Santhosh
Santhosh

Reputation: 6707

How to retrieve the used size of a Database?

What is the best way to retrieve the used size of a (sql) Database in c#? I have access to the connection string of the database and assume I also have dbadmin access to the database.

This place suggests that I use Microsoft.SqlServer.Smo.dll, however I would like to know if it is possible to do this using the Sql* namespaces in System.Data itself? (like SqlConnection, DbConnection, etc)

Upvotes: 1

Views: 4991

Answers (4)

Sascha Hennig
Sascha Hennig

Reputation: 2572

You could just query the SQL-Server to get that information:

USE <databasename>;
GO

/* get the database size, including the log file */
exec sp_spaceused;

/* get the size of the table */
exec sp_spaceused <tablename>;

/* the actual database file sizes */
SELECT * FROM sys.database_files;

Upvotes: 4

John Weldon
John Weldon

Reputation: 40739

sp_spaceused returns allocated and unused space. ( http://msdn.microsoft.com/en-us/library/ms188776.aspx ), subtract the latter from the former to get the actual used space.

EXEC sp_spaceused

For sql server variants.

Just create a DbConnection and execute this sproc

how to query sql server database size

Upvotes: 5

Tim
Tim

Reputation: 28520

I don't think there are any direct ways to do that through the Sql.* namespaces, but you could use the ADO.NET framework to run the sp_spaceused (Transact-SQL) stored procedure.
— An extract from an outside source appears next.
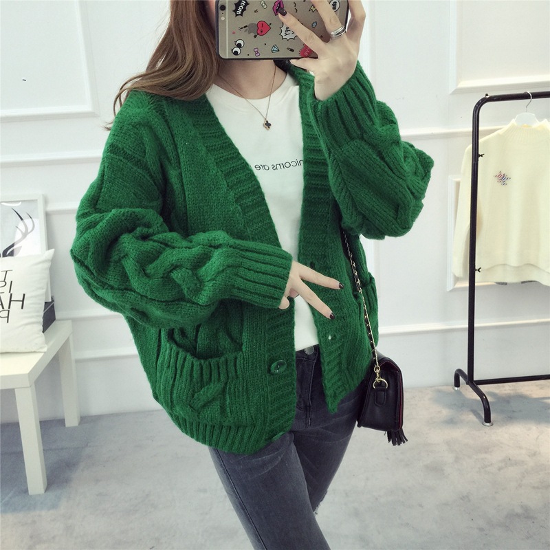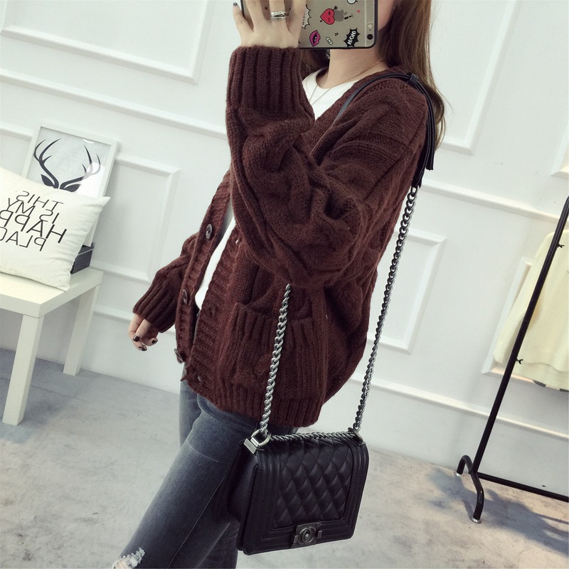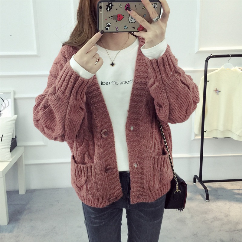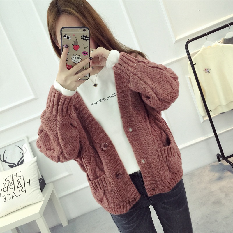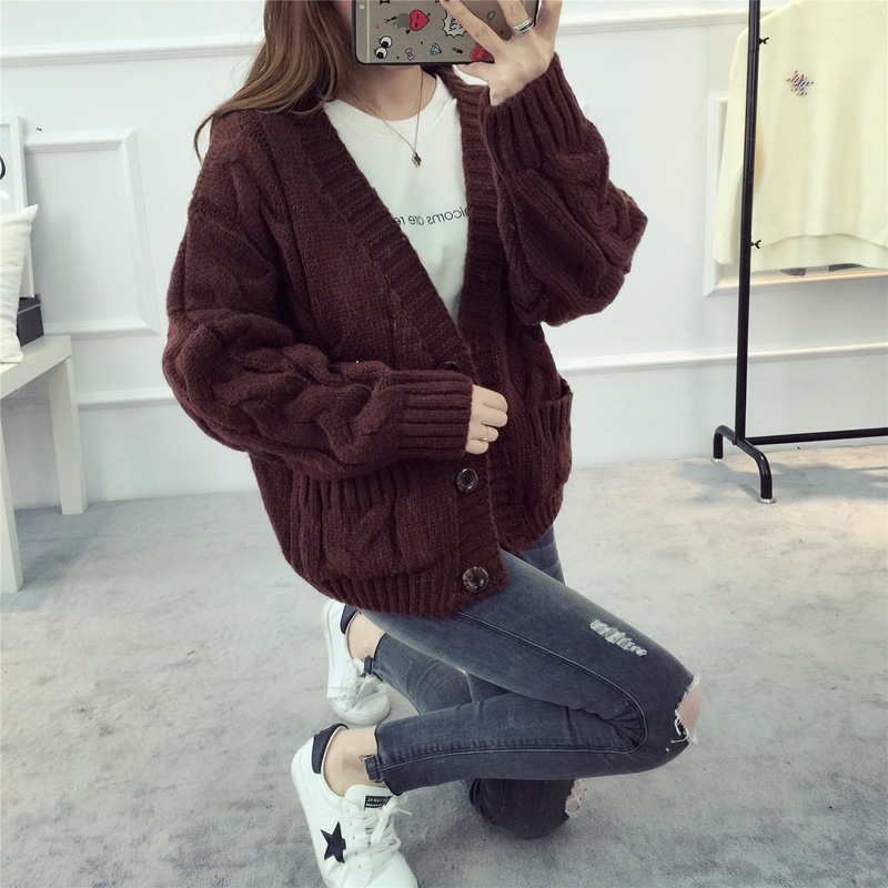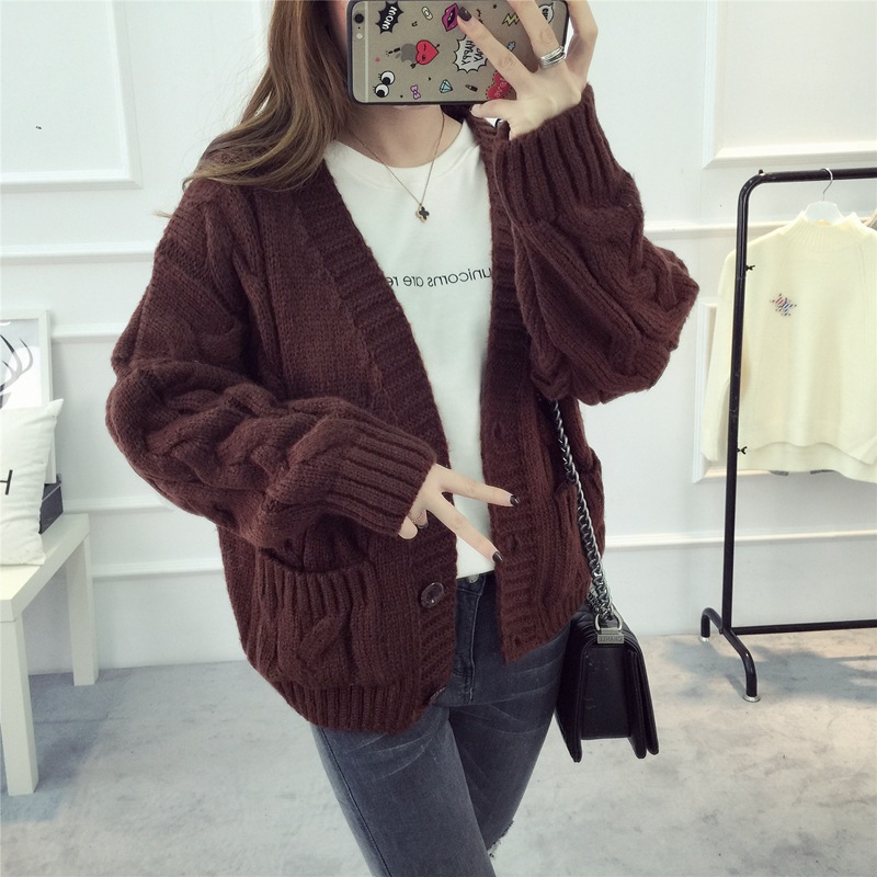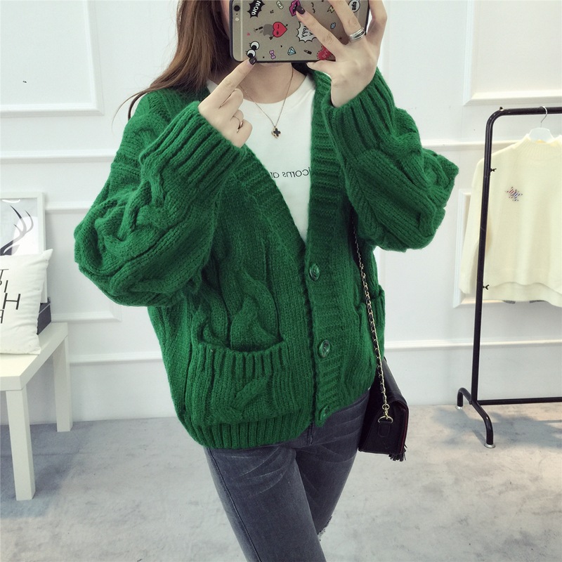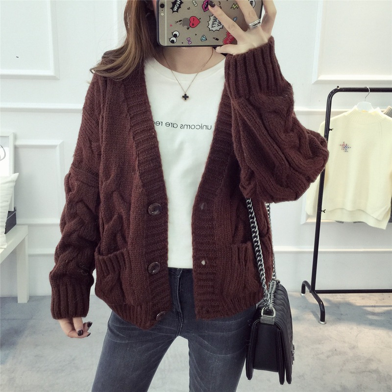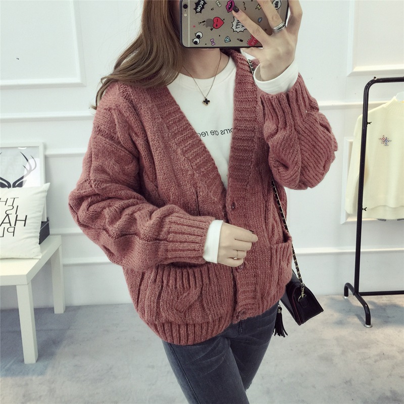 【服饰鞋包】毛衣 女春秋短款韩版女装潮宽松麻花新款V领开衫针织衫厚外套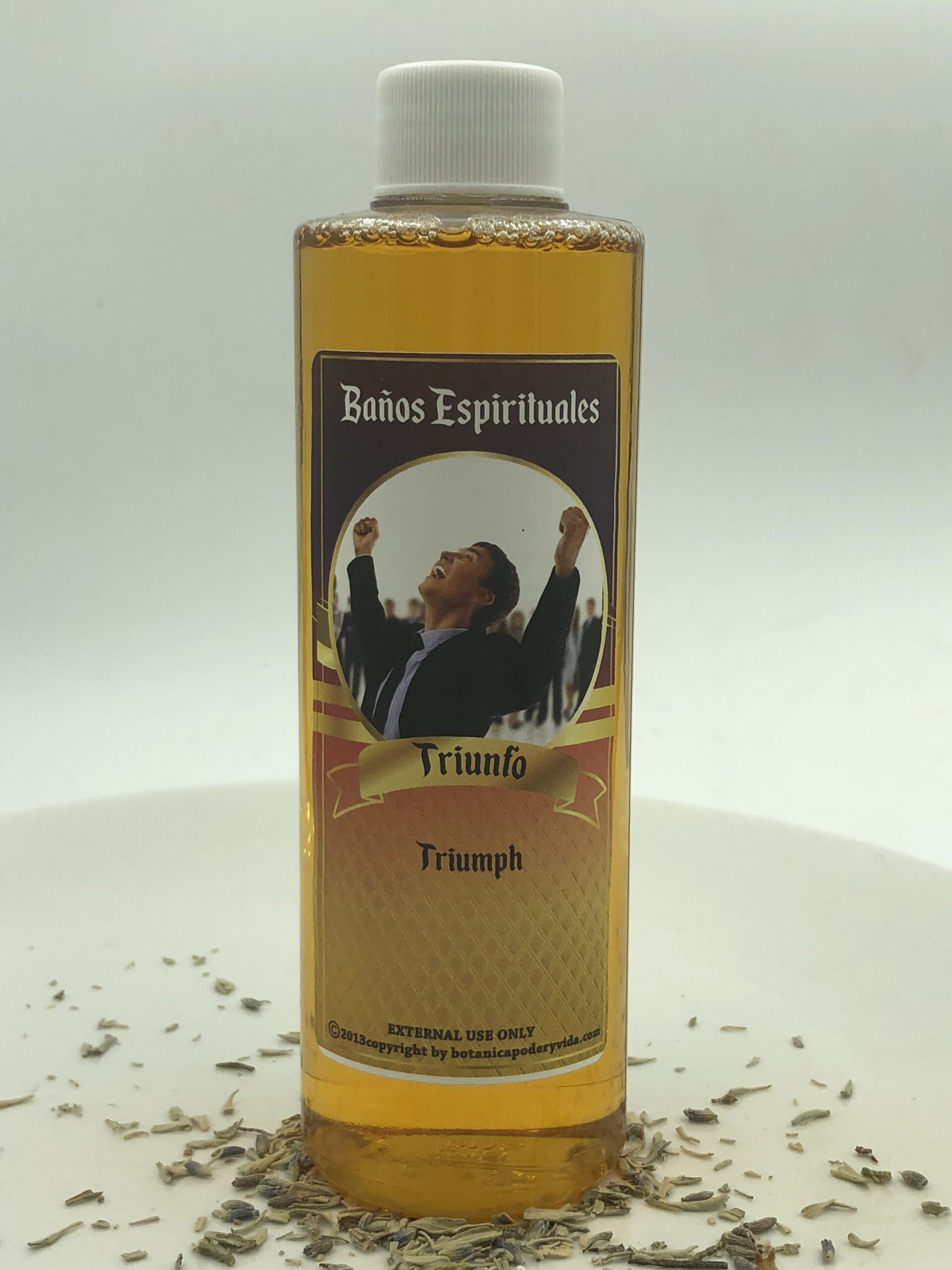 El baño espiritual Triunfo puede ser usado para atraer éxito en todo lo que te propongas. Mezclar el contenido con agua y ducharse. Solo para uso externo. El color puede ser diferente al de la imagen.

See this SO question: how to query sql server database size

Upvotes: 2

Henk Holterman
Henk Holterman

Reputation: 273169

For an attached database you can retrieve the filename from the connection. With that you can construct the .ldf filename as well and use System.IO.File to get the filesizes.

For 'normal' server-registered dbs I wouldn't know.